Czwórcio i Szóstek - koci pamiętnik Junjiego Ito

Post autor: ninna » pn kwie 24, 2017 5:41 pm

[spoiler]Obrazek[/spoiler]
Mangaka J., czyli wybitny przedstawiciel japońskiego horroru, Junji Ito, zawsze wolał psy. Ulega jednak namowom narzeczonej, by wziąć do domu kota... czy raczej koty – małego rasowca Szóstka i rozpieszczonego Czwórcia, zwanego pieszczotliwie „przeklętą mordą”. Wbrew nadziejom J., zwierzaki za nic nie mogą się do niego przekonać... Nie poddawaj się, J.!

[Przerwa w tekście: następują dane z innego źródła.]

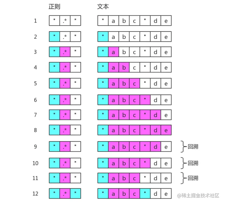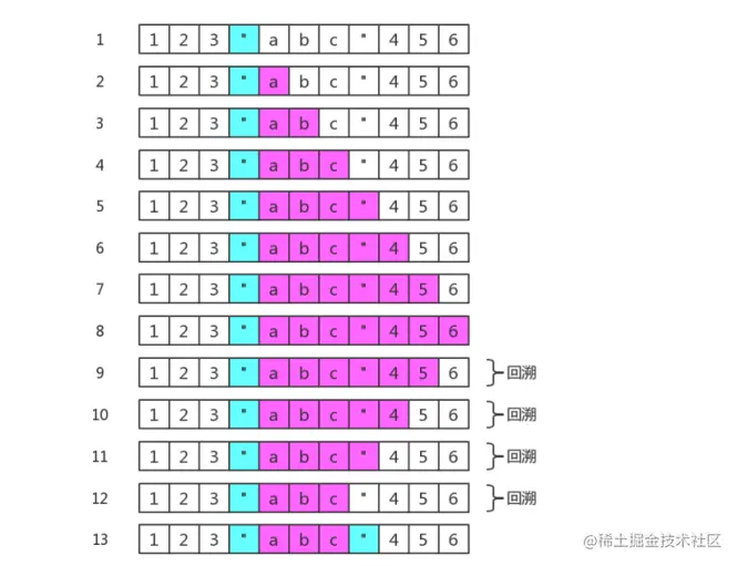 使用 /".*"/ ,会出现四次回溯。

Zabawna manga o kotach znanego autora horrorów – bo strach od śmiechu dzieli bardzo cienka linia!
Koty od Ito bardzo lubię. To zabawna manga, można przy niej miło spędzić czas. Ja swój egzemplarz kupiłam głównie w celu porównania z wydaniem angielskim i podaruję go mangowej bibliotece :D.

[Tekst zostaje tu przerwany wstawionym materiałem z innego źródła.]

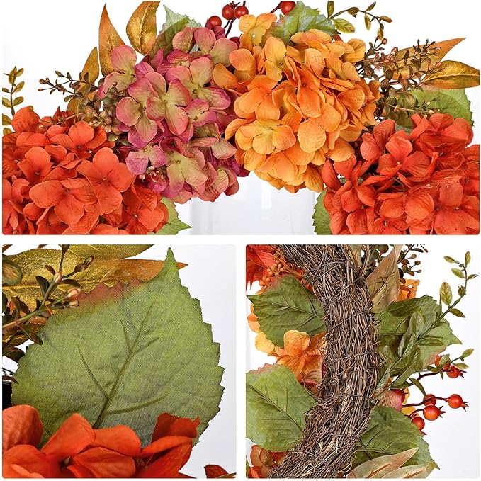 Artificial Fall Wreath for Front Door – 24 Inch Hydrangea Floral Wreath with Orange & Burgundy Flowers, Autumn Thanksgiving Door Décor

O fabule nie ma się co rozpisywać, mnie się ona bardzo podoba i wracam do tej mangi. Natomiast jeśli chodzi o porównanie naszego wydania z angielskim, to angielski tomik jest odrobinę wyższy. Ma on błyszczącą okładkę bez obwoluty. U nas jest matowa obwoluta, a pod nią dwie historyjki (w angielskim tomiku też się znalazły ale w środku). Nasze wydanie wygrywa pod względem przetłumaczenia imion kotów. W angielskim mamy tylko notkę od tłumacza na końcu. U nas też lepiej przełożono onomatopeje (w angielskim oprócz tłumaczenia pozostawiono krzaki).
Niestety, nasze wydanie ma jedną za to sporą wadę... Brak w nim bonusu w postaci krótkiej, dwustronicowej mangi opowiadającej o tym, jak [spoiler]Czwórcio odszedł do kociego nieba :cry:[/spoiler] oraz posłowia (bardzo poruszającego) autorstwa żony pana Ito. Wielka szkoda, że w polskim wydaniu zabrakło tych dodatków :(.

Trochę zdjęć:
[spoiler]Obrazek[/spoiler]
[spoiler]Obrazek[/spoiler]
[spoiler]Obrazek[/spoiler]
[spoiler]Obrazek[/spoiler]
[spoiler]Obrazek[/spoiler]
[spoiler]Obrazek[/spoiler]

Matii
Weteran
Posty: 1322
Rejestracja: ndz mar 29, 2015 6:18 pm
Lokalizacja: Katowice
Status: Offline

Post autor: Matii » pn kwie 24, 2017 8:31 pm

JPF zrobił kawał dobrej roboty :P Nasze wydanie mi się bardziej podoba. No i krzaczki są wyczyszczone jak przystało na JPF. Jedyny minus to chyba brak tej historii.
Czekam na wydanie - Trigun; Hunter x Hunter; Nana; Shaman King KZB; Ashita no Joe; Kiseijuu
Nakarm Prehistorycznego pokemona: Obrazek

Awatar użytkownika
Reviolli
nołlife
Posty: 2121
Rejestracja: pn gru 29, 2014 7:58 am
Status: Offline

Post autor: Reviolli » wt cze 06, 2017 3:14 pm

Prawdę mówiąc nie do końca kupuję Ito gdzie historia nie jest horrorem.
Po prostu jego kreska jest tak bardzo specyficzna że cały czas czekałem aż stanie się coś wstrętnego/strasznego.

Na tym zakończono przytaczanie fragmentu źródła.